Gaya dakwahnya berbeda dari ustaz kebanyakan. Alih-alih mengenakan sarung, peci, atau jas, Evie lebih sering tampil santai dengan pakaian kasual lengkap dengan topi atau kupluk khasnya.
Bahasa gaul yang digunakannya membuat ia lebih dekat dengan anak muda, terutama di Bandung dan sekitarnya.
Namun perjalanan hidup Evie tidaklah mulus. Ia mengaku pernah merasakan masa kelam, termasuk mendekam di Rutan Kebon Waru Bandung.
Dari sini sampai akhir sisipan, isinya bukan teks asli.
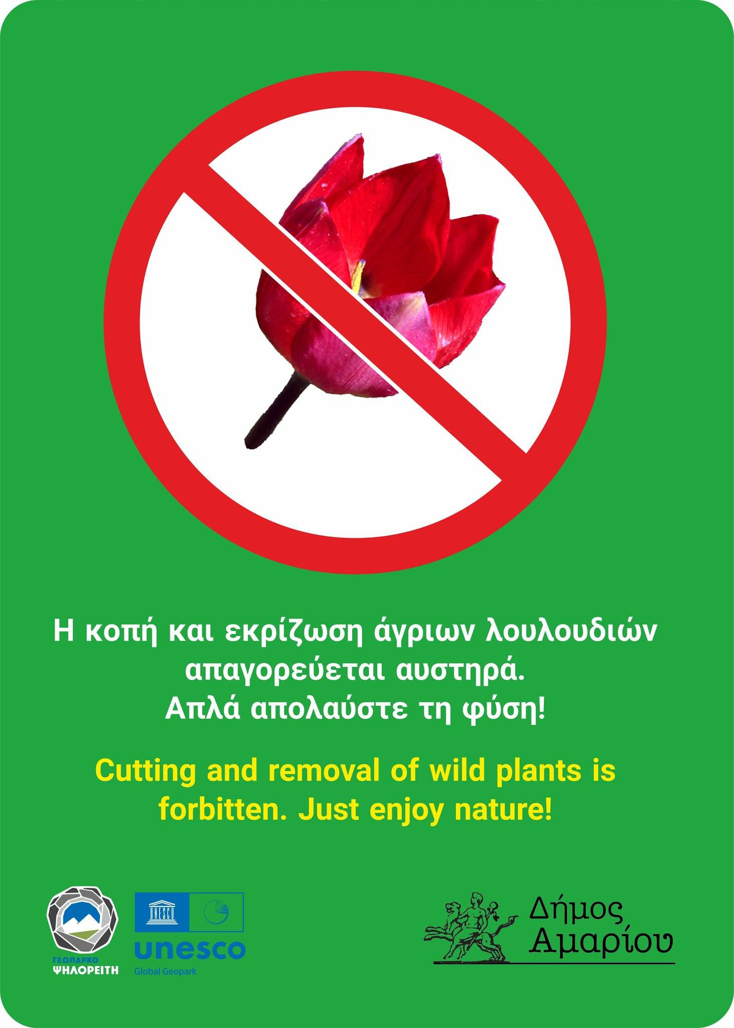 Απαγορεύεται αυστηρά η κοπή και η εκρίζωση των άγριων λουλουδιών, υπενθυμίζει στους περιπατητές με ανακοίνωσή του το Γεωπάρκο Ψηλορείτη που ενθαρρύνει τους εκδρομείς να απολαύσουν τη φύση και τις ομορφιές της, αποφεύγοντας όμως να προκαλούν καταστροφές.

Dari balik jeruji besi itulah, Evie mulai merenungi hidup dan bertekad hijrah.
Setelah bebas, ia rajin mengikuti kajian, belajar di berbagai majelis taklim, dan mendalami ajaran Islam secara otodidak. Evie pernah mengaku hanya menempuh pendidikan formal hingga SMP dan tidak memiliki latar belakang pesantren.
Meski begitu, tekadnya untuk berubah membuatnya dikenal sebagai salah satu penceramah alternatif yang digemari anak muda.
Kasus hukum yang kini menjerat Evie Effendi tentu mencoreng citra dakwahnya yang selama ini identik dengan pesan moral dan semangat hijrah.
Hingga kini, polisi masih mendalami laporan tersebut dengan memanggil saksi tambahan. Sementara Evie Effendi sendiri belum banyak memberikan klarifikasi terbuka terkait tuduhan yang menimpa dirinya.